Hargreaves felt a small trickle of relief. “So, we don’t think it was political, then? I don’t need to tell you how troublesome it would be otherwise.”
“No, Minister, you don’t. Early indications are a business deal gone sour. We’ve already questioned the drunk, but he didn’t know much, despite who he is.”
The trickle of relief halted, and Hargreaves set off towards his ball again. “What do you mean? Who is he?”
“Gerald Fegan. He’s suspected of as many as twelve murders, two while he was on compassionate leave from prison for his mother’s funeral. He was convicted of the butcher’s shop bombing on the Shankill in 1988. Three died in that, including a mother and her baby. He was a foot soldier, and one of their best, or worst, depending on your point of view. A killer, plain and simple.”
“And he isn’t a suspect?”
“Not at the moment. He’s been quiet as a mouse since he got early release in . . .”

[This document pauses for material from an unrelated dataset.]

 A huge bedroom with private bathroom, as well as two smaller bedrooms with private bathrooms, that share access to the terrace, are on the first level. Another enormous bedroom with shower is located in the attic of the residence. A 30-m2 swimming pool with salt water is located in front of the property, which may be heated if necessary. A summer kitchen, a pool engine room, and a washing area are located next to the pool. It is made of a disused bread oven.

Hargreaves heard the shuffling of paper.
“At the start of 2000. From what I understand, he’d been suffering some psychological problems before his release, and he’s taken to drink in recent times.”
The trickle of relief started again. “I see,” Hargreaves said as he neared the gorse patch that had devoured his ball. “So, it’s not political. Let’s try and keep it that way, shall we?”

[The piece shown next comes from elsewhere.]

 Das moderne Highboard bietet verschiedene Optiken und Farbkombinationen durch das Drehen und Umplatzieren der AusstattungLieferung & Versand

“Of course, Minister. The politicians on all sides are gearing up to make the most of it, but that’s only to be expected. Don’t worry, we’ll keep a lid on it.”

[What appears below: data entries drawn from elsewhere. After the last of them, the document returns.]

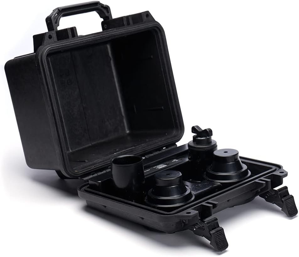 Size: 10.62” x 9.68” x 6.87” (27 x 25 x 18 cm) | Weight: 5.44 lbs (3.37 kg)Case: USA made military spec Pelican 1300 caseAll metal fastening hardware – 316 stainless steel.Grills, port cap, and inner plate – USA molded ABS.
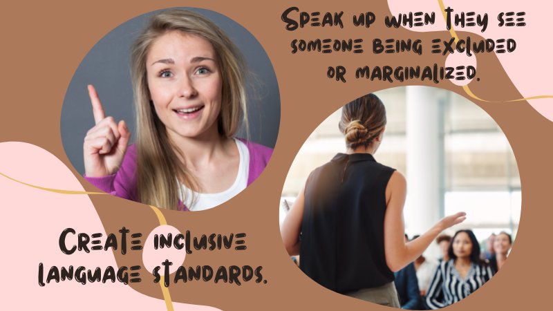 - Encouraging allies to speak up when they see someone being excluded or marginalized because of their gender identity.
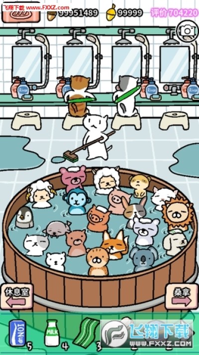 邀请各种动物朋友,购买沐浴设施,打造有个性的温泉吧。木浴池、银浴池、大理石浴池、黄金浴池,一切都准备好了。
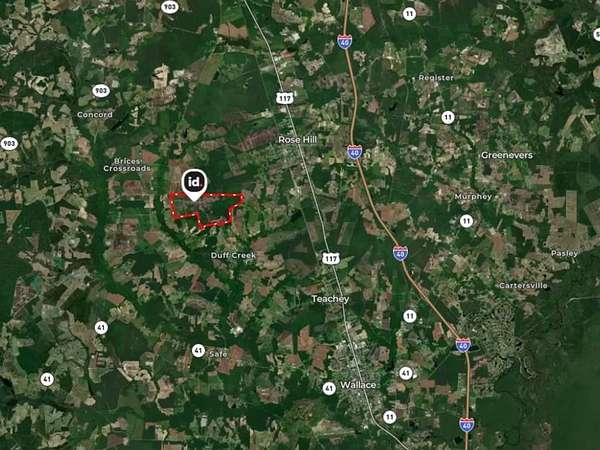 Est $16,912/moRare large-acreage offering in Duplin County! This impressive 700+- acre tract in Rose Hill, NC features over 3,000 feet of paved road frontage and is located just 5.5 miles from Interstate 40, providing outstanding access while still offering privacy and seclusion. The property includes growing timber, an excellent network of interior roads, and diverse terrain ideal for a wide range of uses. Whether you're looking for a timber investment, hunting and recreation, a large farm opportunity, or a legacy tract to enjoy for generations, this property checks every box. A true Eastern NC gem with size, access, and versatility. Property is a portion of Duplin County PID: 11 493

“Good man,” Hargreaves said. He hung up and returned the phone to his pocket as he kicked at the gorse. “Now, where’s that bastard ball?”
6
The whetstone glided along the guitar’s neck, skimming the frets. Fegan loved the sensation it sent through his hand, his wrist, on into his forearm and up to his shoulder: the feeling of oiled stone sliding on metal. As the boat-shaped block swept from one end of the fingerboard to the other, it ground away years of wear. Too much pressure would destroy the frets. Not enough would leave the finish uneven, and the guitar unplayable. It was a question of balance and patience.
Ronnie Lennox had taught him that.
Fegan had spent hours in the Maze Prison’s workshop, watching the old man at his craft. Ronnie hated being penned up with the rest of the Loyalists, so the guards let him pass the time in his own corner of the woodwork room. The Republican prisoners tolerated his presence when they had the use of the place, thinking him harmless, and even let him teach them a thing or two. Fegan always paid close attention. Ronnie’s delicate hands bore a myriad of scars, decades of cuts and abrasions earned at the shipyard. He’d been a ship’s carpenter before he did the awful thing that sent him to prison. Like so many men who worked there, he had been left with the wheezy rattle of asbestosis in his chest.